NO FILTERS WITHOUT A VALID PHOTOGRAPHIC REASON!

Many buy so called protective filters to be left on their lenses as a permanent feature but I say got some sky to polarise or reflections to deal with? Use a polariser. Going up the hills where UV and haze will be a problem? Pack a UV Filter.

Slapping a chunk of glass on your lens for "protection" just doesn't stack up to rational examination except to the person selling them. Don't get me wrong, I can understand using them when there is a definite risk of unwanted effects. However, your eyes are precious and delicate aren't they? I bet you don't wear safety goggles 24/7 in order to protect them.

One story I heard someone tell had me in stitches. Apparently, this guy fell down a flight of stairs one day while carrying his camera and believed his UV filter saved his front element and left convinced he had to leave a UV filter on all his lenses all the time. I hear that and think, thank God he didn't have a soft focus filter on the lens!

OK to be serious, I thought "a guy takes a tumble down a flight of stairs.

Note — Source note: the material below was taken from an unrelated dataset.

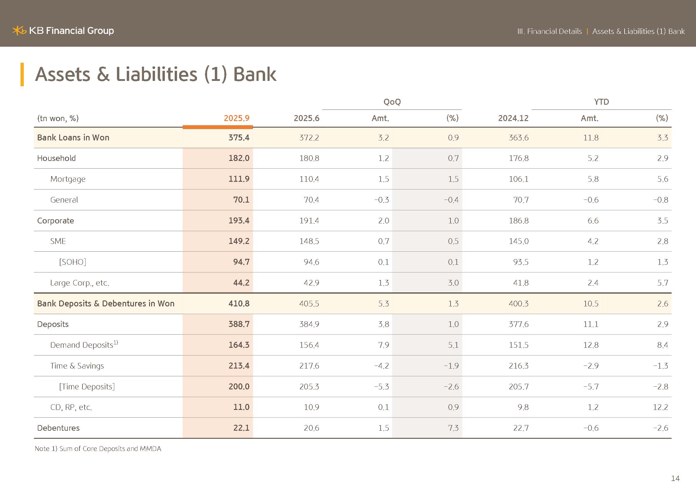 As of end September 2025, bank loans in Won stood at KRW375 trillion, a 3.3% growth compared to last

His eyes could have gotten poked out in the process, he could have snapped his neck, spine or limbs. Does he start to go about in safety goggles, helmets and kevlar? Of course not! What does he do? He slaps UV filters on every lens and decides to use his common sense to deal with risks to his body." I wonder why that same common sense flies out of the window when it comes to this issue.

Common logic says you protect what is valuable and your health is MUCH MUCH more valuable than your lenses. Wearing safety googles 24/7 is not that inconvenient when you think about it given the myriad of bad things that could happen to ones' eyes. Yet, we take the chance and deal with the threat rationally. We know there is a risk but deal with it sensibly.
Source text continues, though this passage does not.